[Opening Provided material section]
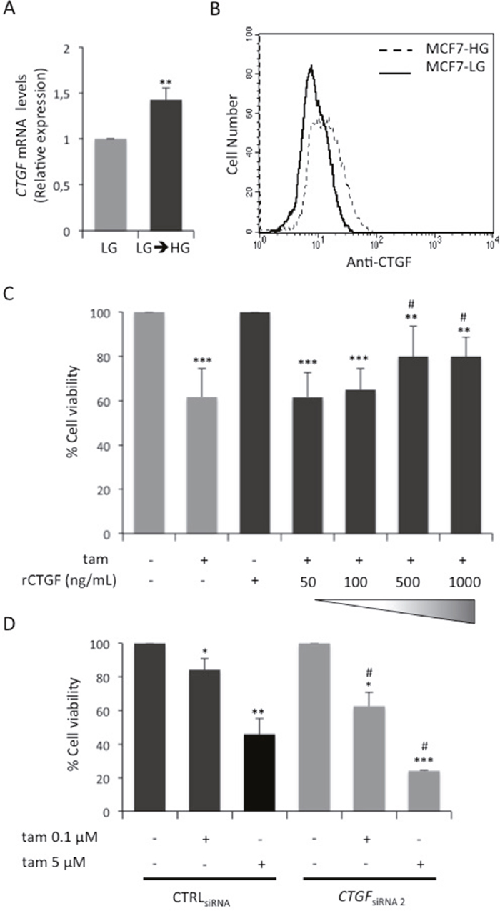 Figure 4: Role of glucose-induced CTGF on LG cell responsiveness to tamoxifen. (A) MCF7 cells grown in low glucose medium (5.5mM; LG) were shifted in high glucose medium (LG→HG) during the treatment with E2 (100nM). After four days, mRNA expression levels of CTGF were determined by qRealTime-PCR (see Methods). Data were normalized on HPRT gene as internal standard. Bars represent the mean ± SD of three independent triplicate experiments and show the mRNA levels of CTGF in LG→HG cells relative to those in LG cells. * denote statistically significant values (**p<0.01). (B) CTGF protein levels in MCF7 chronically exposed to high (HG 25mM - dotted line) or low (LG 5.5mM - solid line) glucose concentrations. One representative experiment is shown. (C) LG cells were treated with E2 and tam (5μM) in presence or absence of human recombinant CTGF protein at increasing doses (50 ng/mL, 100 ng/mL, 500 ng/mL, 1000 ng/mL; rCTGF). As positive control, the cells were treated with E2 alone. After 4 days, cell viability was assessed by sulforhodamine B assay, as described in Methods. The results were reported as percentage of viable cells compared with positive control, considered as 100% viable cells. Data represent the mean ± SD of three independent triplicate experiments. * denote statistically significant values compared with positive control (**p<0.01;***p<0.001); # denote statistically significant values compared with tam treatment in untreated cells (#p<0.05). See also Supplementary Figure 1. (D) LG cells transfected with selected CTGF siRNA (CTGFsiRNA 2) or with control siRNA (CTRLsiRNA) were treated with E2 (100nM) and tam (0.1μM and 5μM). As positive control, the cells were treated with E2 alone. After 24 hours, cell viability was determined, by sulforhodamine B assay (see Methods). The results were reported as percentage of viable cells compared with positive control considered as 100% viability. Data represent the mean ± SD of three independent triplicate experiments. * denote statistically significant values compared with positive control (*p<0.05, **p<0.01, ***p<0.001); # denote statistically significant values compared with tam treatment in CTRLsiRNA cells (#p<0.01).
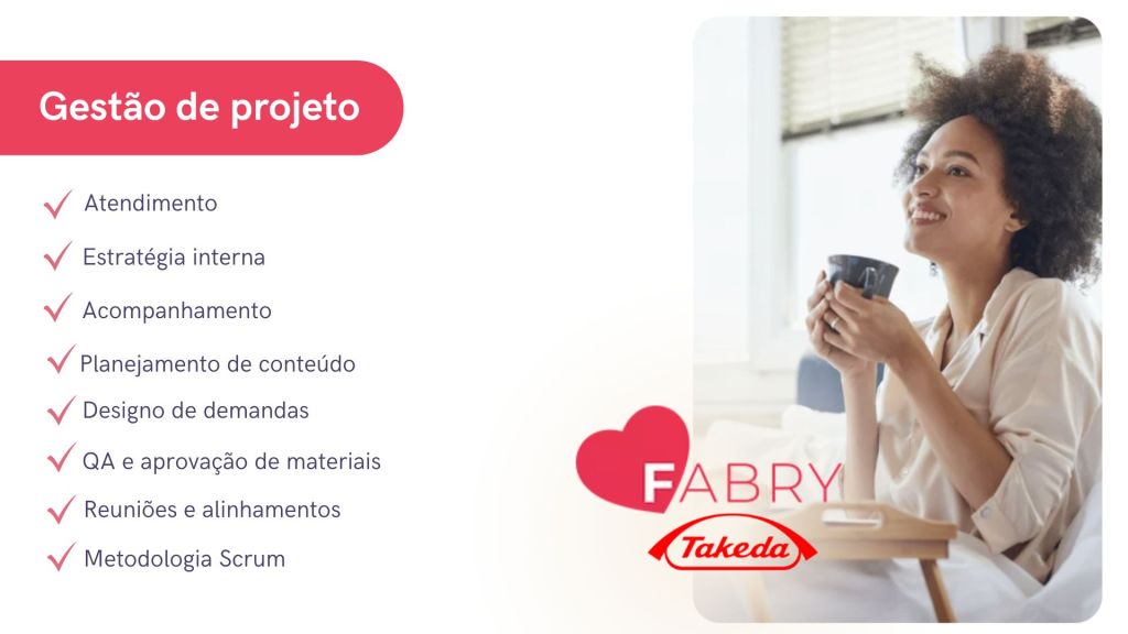 Com o time da Takeda, fui responsável pela dinâmica interna do projeto na agência, acompanhando os prazos, alinhando demandas e organizando as entregas que envolviam o time de desenvolvimento, design e conteúdo. Minha rotina de trabalho acompanhava diferentes ações:
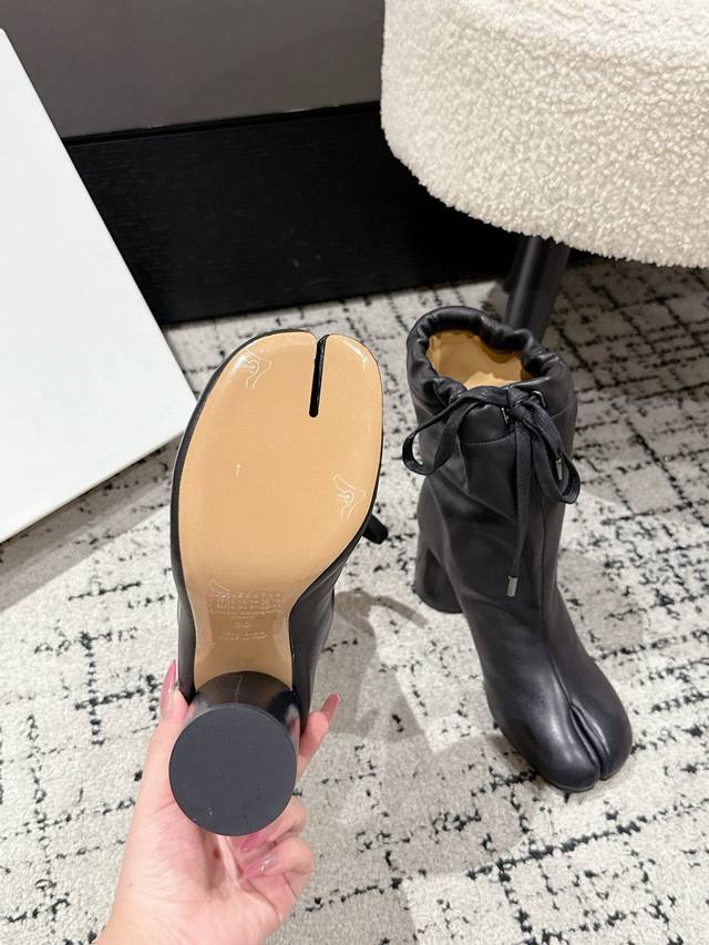 Mm6 brand Tabi split-toe shoes and boots autumn and winter new arrivals highest version buyer's purchase 1:1 perfect replica split-toe Tabi boots original mold double-layer genuine leather sole original last shoe shape very generous can be matched with various styles easily handle a blessing for short legs Instantly transforms legs into long legs Unrestrained by conventions, be yourself as you like Super soft and comfortable on your feet
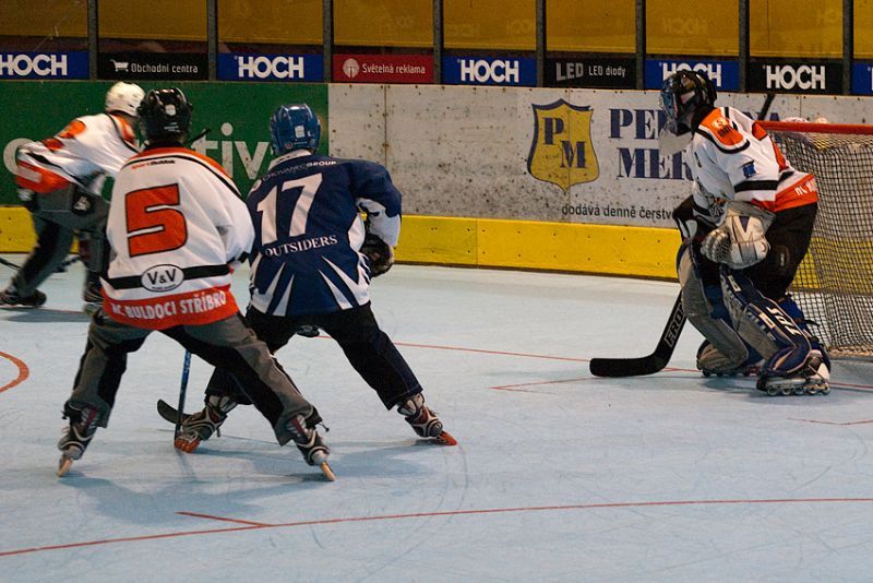 V neděli stříbrský tým odehrál premiérový zápas HC Buldoci Stříbro jako jediné západočeské mužstvo vstoupili v letošní sezóně do soutěže v inline hokeji, konkrétně do divize Jih v 1. lize. Jako první soupeř je čekal tým z líhně tohoto sportu u nás, mužstvo Outsiders Pardubice. Hráči stříbrského celku přijížděli na první domácí zápas do Písku s cílem sehrát zápas, za který by se neměli stydět. V tom jim vůbec nepomohla informace, že dnešní soupeř přehrál v sobotních zápasech týmy z Písku (13:12) a Soběslavi (6:4). V první čtvrtině (pozn. autora: inline se hraje 4x 12 min.) hra Buldoků vykazovala známky velkého respektu k soupeři, kterému se navíc povedlo v 7. minutě překonat gólmana Tomáše Dudíka. Postupně hráči Buldoků ztratili ostych a pouštěli se do protiútoků. První vyrovnání přišlo z hole kapitána mužstva Petra Staňka. V polovině zápasu ukazovala světelná tabule skóre 2:2. Na začátku třetí čtvrtiny se dostali Buldoci poprvé do vedení, ale v touze po další brance velmi otevřeli svojí obranu. Toho pardubičtí využili a obrátili stav zápasu ve svůj prospěch. Ve 36. minutě našel Jarda Houdek Matěje Sýkoru a ten prudkou střelou vyrovnal na 4:4. V poslední čtvrtině Buldoci zaskočili soupeře dvěma rychlými góly. Nejdříve dorazil nastřelený puk mezi betony Martin Sládek a vedení pojistil Jan Šůcha. Outsideři se ale nevzdávali. V přesilové hře dělovkou snížili tři minuty před koncem regulérní hrací doby a poté bez brankáře se snažili o vyrovnání. To už ale Buldoci nedopustili, a tak se mohli radovat z prvního vítězství. Václav Šůcha – vedoucí týmu zhodnotil zápas slovy: „Před tímto zápasem jsme měli pochybnosti jestli jsme se neunáhlili, když jsme se rozhodli vstoupit do soutěže. Na začátku jsme museli překonat několik překážek. Tou největší byla a zatím zůstává skutečnost, že ve Stříbře chybí zastřešená plocha. Zatím jsme našli zázemí v hokejbalové hale HBC Plzeň, kde sehrajeme již příští utkání. Mám radost z nových posil. Velký dík pak patří našemu gólmanovi Tomášovi Dudíkovi, který v brance doslova čaroval. Doufám, že to nebyla poslední výhra a chtěl bych pozvat všechny naše příznivce na zápas proti Spartaku Soběslav, který hrajeme v sobotu 15.5. od 20.00 hod. v Plzni.“
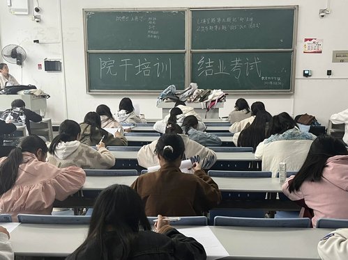 活动伊始,全体见习干事在相应的考场等候考试正式开始,每位见习干事都在安静的做着准备工作。到达考试时间后监考官开始分发试卷,各见习干事在拿到试卷后开始认真答题。在考试过程中,见习干事都遵守着考试规则,本着”沉着、认真、细心、守纪”的原则应对考试。最后,各见习干事完成试卷后有序地交卷离场。至此,院干培训结业考试顺利结束。
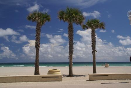 Hotel in Hollywood, springen noch mal ins warme Meer und checken um 13:00 Uhr
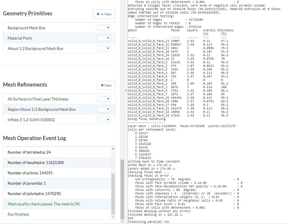 My geometry is refined as simply as I can think of with a Background Mesh Box generously sized (I think anyways ) . The method was, one region refinement encompassing the whole plane plus a few feet, one surface refinement on all surfaces to a single level (where Min level=Max level) close to the last layer thickness and then a 3 layer layering to a yPlus of 160.
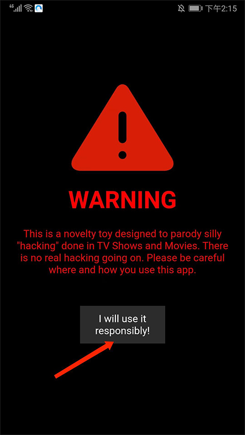 1、打开geektyper手机版,进入应用主界面就有一种黑客的感觉了,点击下方【I will use responsiblly】提示,
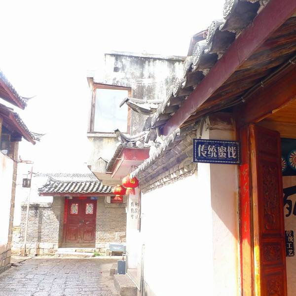在古城内步行沿四方街旁边的大石桥顺水而下走到百岁桥,左手边的巷子就是百岁坊,在45号。
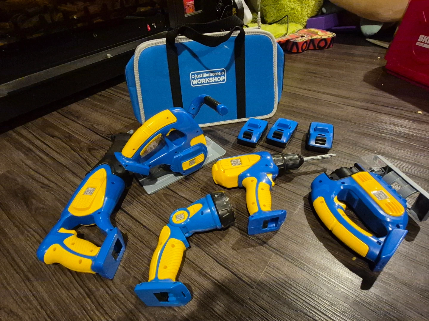 Selling a Just Like Home Workshop tool set! This set comes with a variety of tools in blue and yellow, perfect for little builders. Includes a carrying case to keep everything organized. Great for imaginative play!
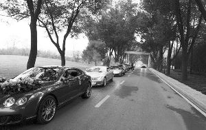 “主要是看車,實在是太騷包了。邁凱輪SLR,LP640,LP560,599GTB,R8,911T,GTS,F(xiàn)430,430SC,C63 AMG,TARGA4……空前絕后,2009年武漢那場超跑婚禮簡直是小兒科。”去年2月25日,在無錫知名的“東林書院”論壇上,網(wǎng)友“wx_zc”上傳了一組一個月前在無錫舉辦的一場婚禮照片,從上傳的照片看,婚車車隊的豪華程度令人咂舌。
[Closing Provided material section]
Instructions for the task ::
Images must not appear; print each record precisely as it reads.

Answer to the problem ::
 Figure 4: Role of glucose-induced CTGF on LG cell responsiveness to tamoxifen. (A) MCF7 cells grown in low glucose medium (5.5mM; LG) were shifted in high glucose medium (LG→HG) during the treatment with E2 (100nM). After four days, mRNA expression levels of CTGF were determined by qRealTime-PCR (see Methods). Data were normalized on HPRT gene as internal standard. Bars represent the mean ± SD of three independent triplicate experiments and show the mRNA levels of CTGF in LG→HG cells relative to those in LG cells. * denote statistically significant values (**p<0.01). (B) CTGF protein levels in MCF7 chronically exposed to high (HG 25mM - dotted line) or low (LG 5.5mM - solid line) glucose concentrations. One representative experiment is shown. (C) LG cells were treated with E2 and tam (5μM) in presence or absence of human recombinant CTGF protein at increasing doses (50 ng/mL, 100 ng/mL, 500 ng/mL, 1000 ng/mL; rCTGF). As positive control, the cells were treated with E2 alone. After 4 days, cell viability was assessed by sulforhodamine B assay, as described in Methods. The results were reported as percentage of viable cells compared with positive control, considered as 100% viable cells. Data represent the mean ± SD of three independent triplicate experiments. * denote statistically significant values compared with positive control (**p<0.01;***p<0.001); # denote statistically significant values compared with tam treatment in untreated cells (#p<0.05). See also Supplementary Figure 1. (D) LG cells transfected with selected CTGF siRNA (CTGFsiRNA 2) or with control siRNA (CTRLsiRNA) were treated with E2 (100nM) and tam (0.1μM and 5μM). As positive control, the cells were treated with E2 alone. After 24 hours, cell viability was determined, by sulforhodamine B assay (see Methods). The results were reported as percentage of viable cells compared with positive control considered as 100% viability. Data represent the mean ± SD of three independent triplicate experiments. * denote statistically significant values compared with positive control (*p<0.05, **p<0.01, ***p<0.001); # denote statistically significant values compared with tam treatment in CTRLsiRNA cells (#p<0.01).
 Com o time da Takeda, fui responsável pela dinâmica interna do projeto na agência, acompanhando os prazos, alinhando demandas e organizando as entregas que envolviam o time de desenvolvimento, design e conteúdo. Minha rotina de trabalho acompanhava diferentes ações:
 Mm6 brand Tabi split-toe shoes and boots autumn and winter new arrivals highest version buyer's purchase 1:1 perfect replica split-toe Tabi boots original mold double-layer genuine leather sole original last shoe shape very generous can be matched with various styles easily handle a blessing for short legs Instantly transforms legs into long legs Unrestrained by conventions, be yourself as you like Super soft and comfortable on your feet
 V neděli stříbrský tým odehrál premiérový zápas HC Buldoci Stříbro jako jediné západočeské mužstvo vstoupili v letošní sezóně do soutěže v inline hokeji, konkrétně do divize Jih v 1. lize. Jako první soupeř je čekal tým z líhně tohoto sportu u nás, mužstvo Outsiders Pardubice. Hráči stříbrského celku přijížděli na první domácí zápas do Písku s cílem sehrát zápas, za který by se neměli stydět. V tom jim vůbec nepomohla informace, že dnešní soupeř přehrál v sobotních zápasech týmy z Písku (13:12) a Soběslavi (6:4). V první čtvrtině (pozn. autora: inline se hraje 4x 12 min.) hra Buldoků vykazovala známky velkého respektu k soupeři, kterému se navíc povedlo v 7. minutě překonat gólmana Tomáše Dudíka. Postupně hráči Buldoků ztratili ostych a pouštěli se do protiútoků. První vyrovnání přišlo z hole kapitána mužstva Petra Staňka. V polovině zápasu ukazovala světelná tabule skóre 2:2. Na začátku třetí čtvrtiny se dostali Buldoci poprvé do vedení, ale v touze po další brance velmi otevřeli svojí obranu. Toho pardubičtí využili a obrátili stav zápasu ve svůj prospěch. Ve 36. minutě našel Jarda Houdek Matěje Sýkoru a ten prudkou střelou vyrovnal na 4:4. V poslední čtvrtině Buldoci zaskočili soupeře dvěma rychlými góly. Nejdříve dorazil nastřelený puk mezi betony Martin Sládek a vedení pojistil Jan Šůcha. Outsideři se ale nevzdávali. V přesilové hře dělovkou snížili tři minuty před koncem regulérní hrací doby a poté bez brankáře se snažili o vyrovnání. To už ale Buldoci nedopustili, a tak se mohli radovat z prvního vítězství. Václav Šůcha – vedoucí týmu zhodnotil zápas slovy: „Před tímto zápasem jsme měli pochybnosti jestli jsme se neunáhlili, když jsme se rozhodli vstoupit do soutěže. Na začátku jsme museli překonat několik překážek. Tou největší byla a zatím zůstává skutečnost, že ve Stříbře chybí zastřešená plocha. Zatím jsme našli zázemí v hokejbalové hale HBC Plzeň, kde sehrajeme již příští utkání. Mám radost z nových posil. Velký dík pak patří našemu gólmanovi Tomášovi Dudíkovi, který v brance doslova čaroval. Doufám, že to nebyla poslední výhra a chtěl bych pozvat všechny naše příznivce na zápas proti Spartaku Soběslav, který hrajeme v sobotu 15.5. od 20.00 hod. v Plzni.“
 活动伊始,全体见习干事在相应的考场等候考试正式开始,每位见习干事都在安静的做着准备工作。到达考试时间后监考官开始分发试卷,各见习干事在拿到试卷后开始认真答题。在考试过程中,见习干事都遵守着考试规则,本着”沉着、认真、细心、守纪”的原则应对考试。最后,各见习干事完成试卷后有序地交卷离场。至此,院干培训结业考试顺利结束。
 Hotel in Hollywood, springen noch mal ins warme Meer und checken um 13:00 Uhr
 My geometry is refined as simply as I can think of with a Background Mesh Box generously sized (I think anyways ) . The method was, one region refinement encompassing the whole plane plus a few feet, one surface refinement on all surfaces to a single level (where Min level=Max level) close to the last layer thickness and then a 3 layer layering to a yPlus of 160.
 1、打开geektyper手机版,进入应用主界面就有一种黑客的感觉了,点击下方【I will use responsiblly】提示,
在古城内步行沿四方街旁边的大石桥顺水而下走到百岁桥,左手边的巷子就是百岁坊,在45号。
 Selling a Just Like Home Workshop tool set! This set comes with a variety of tools in blue and yellow, perfect for little builders. Includes a carrying case to keep everything organized. Great for imaginative play!
 “主要是看車,實在是太騷包了。邁凱輪SLR,LP640,LP560,599GTB,R8,911T,GTS,F(xiàn)430,430SC,C63 AMG,TARGA4……空前絕后,2009年武漢那場超跑婚禮簡直是小兒科。”去年2月25日,在無錫知名的“東林書院”論壇上,網(wǎng)友“wx_zc”上傳了一組一個月前在無錫舉辦的一場婚禮照片,從上傳的照片看,婚車車隊的豪華程度令人咂舌。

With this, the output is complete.